The roots of the case go as far back as the late 18th century, when goats (Capra hircus) and sheep (Ovis aries) were released on the island and became feral. They were highly damaging to the endemic ecosystem (especially Palila (Loxioides bailleui), which became critically endangered), and competed with commercial livestock for resources. A government program for their elimination was put in place in the late 1920s. The numbers were reduced from an estimated 40,000 to 200 in 1950. However, they were not fully eradicated; an increase in leisure time and greater ease of access to the mountains drove an influx of hunters who saw the remaining feral species as game animals. The Hawaii Department of Land and Natural Resources conceded, and in place of the eradication program a sustained-control program was introduced.
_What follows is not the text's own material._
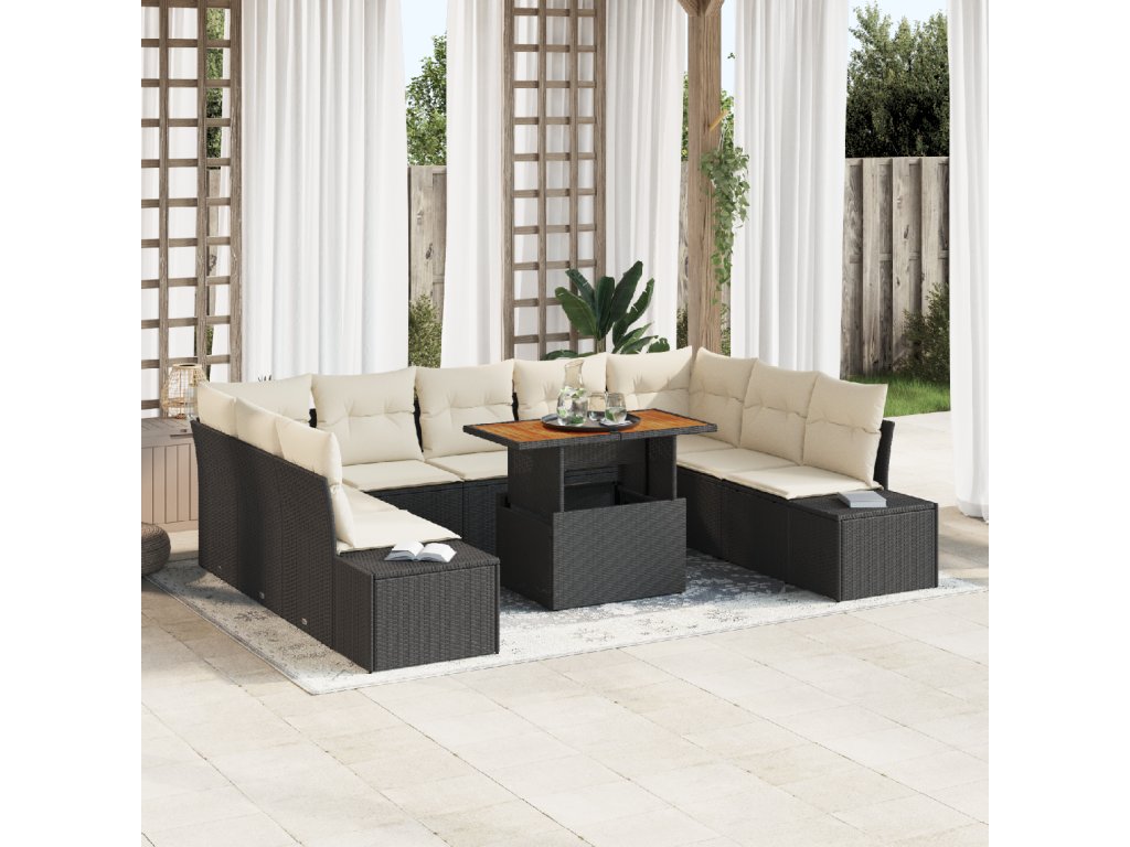 Zahradní jídelní souprava s polštářem 10 pcs Černá a krémová

This was followed by introducing feral mouflon (Ovis aries orientalis) onto the island for hunters.

In addition to mouflon, axis deer (Axis axis) were proposed for introduction. This was met with protests against their introduction by farmers and ranchers, who saw them as a threat to food resources and a vehicle for bovine disease. The hunting industry fought back, and the back-and-forth between the ranching industry and hunters eventually gave way to a rise in public environmental concern; reports were published that showed that there was no environmentally sustainable way the deer could be introduced onto the island, and the issue was finally laid to rest.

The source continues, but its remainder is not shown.